The last three years have become a perfect storm for the involvement and the need for conversation and change within the NCAA and the NCAA governing body. I will not delve into the complete history lecture so I will just highlight 2010-2013 just to get the ball rolling. On the heels of the University of Miami & Nevin Shapiro , Reggie Bush, Ohio State, Auburn, Rick Pitino, the tragedy at Penn State, Dez Bryant and of course the highly publicized Johnny Manziel autograph scandal. Pick one, anyone at is core should have been enough to to propel the decision makers to have a step back moment and say ..”something has to change” .

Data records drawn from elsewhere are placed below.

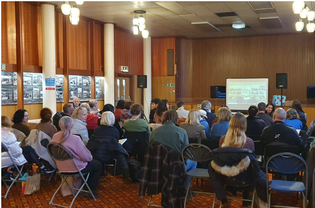
A good turnout at Hillhead Library

Ringwood was very excited to host a Short Story Seminar at Hillhead Library on Sunday October 22nd, and even more excited to see so many people attending and enjoying themselves.
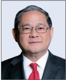
Dr the Honourable Victor FUNG Kwok-king , GBM, GBS Chairman Fung Group (from 29 October 2021)
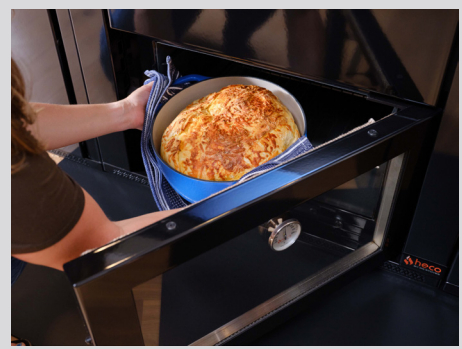
Glass Oven Door Added style for your HECO. Allows for a great view of your food.
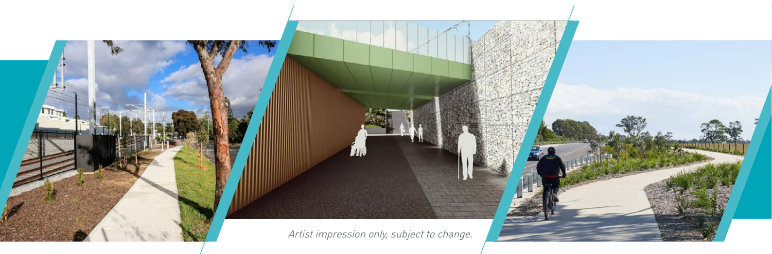
Artist impression only, subject to change.

You told us you would like landscaping that visually enhanced the local area, making the community feel safer and more secure. You asked for native plants, landscaping that enhanced local flora and fauna, and plantings that require low maintenance.
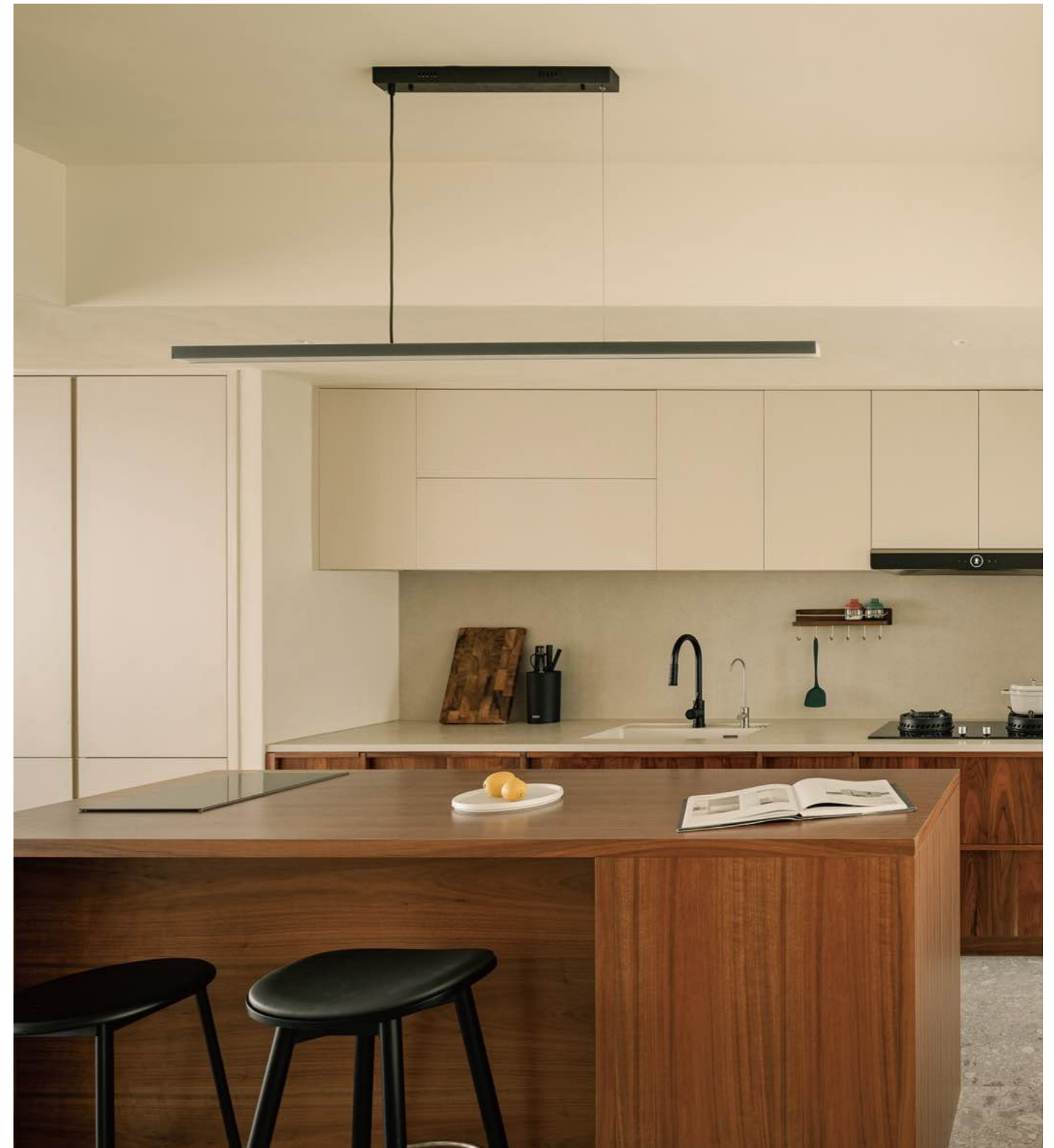
Anti-glare prism diffusion plate (optionally)

NCAA Bylaw 188.8.131.52 prohibits student-athletes from accepting money for promotion or sale of a product or service, and the act of doing so can affect an athlete’s amateur status and eligibility to compete in NCAA athletics. This is an archaic rule for an archaic time. In my time at the University of Wisconsin I remember walking down State Street with my roommates arguing about food and viewing three of our jerseys illuminating the Bookstore window for sale.
The good soldiers that we were shook our heads and kept walking and only wondered what it would be like to to have just a percent of what we brought in. Not anymore. Currently there are six active football players that have joined a lawsuit against the NCAA pertaining to the use of college athletes’ names and likeness. Another storm brewing perhaps? Maybe.. When I think of Jonathan Benjamin a walk on basketball player from Richmond who was suspended for starting his own business while in college, yes his OWN business was ruled ineligible due the the rule NCAA bylaw 12.4.4, which governs college athlete self-employment: (Article by Patrick Hruby )
A student-athlete may establish his or her own business, provided the student-athlete’s name, photograph, appearance or athletics reputation are not used to promote the business.
However I am also encouraged Steven Rhodes, a former Marine who served for five years and this year hoped to play college football finally broke through the NCAA red tape after the media storm and was granted the opportunity to play football this season was granted. The conversation can be had, we just have to make them have it!
Hypocrisy lies at the core of the values and rules that the NCAA has let lie complacent and unchanged. The slippery slope will always be slippery but to leave the issue unresolved is an injustice to the student athletes the fans and sports world in general. Pressure still busts pipes but social media pressure destroys them! Keep tweeting my friends you just may become an agent of change.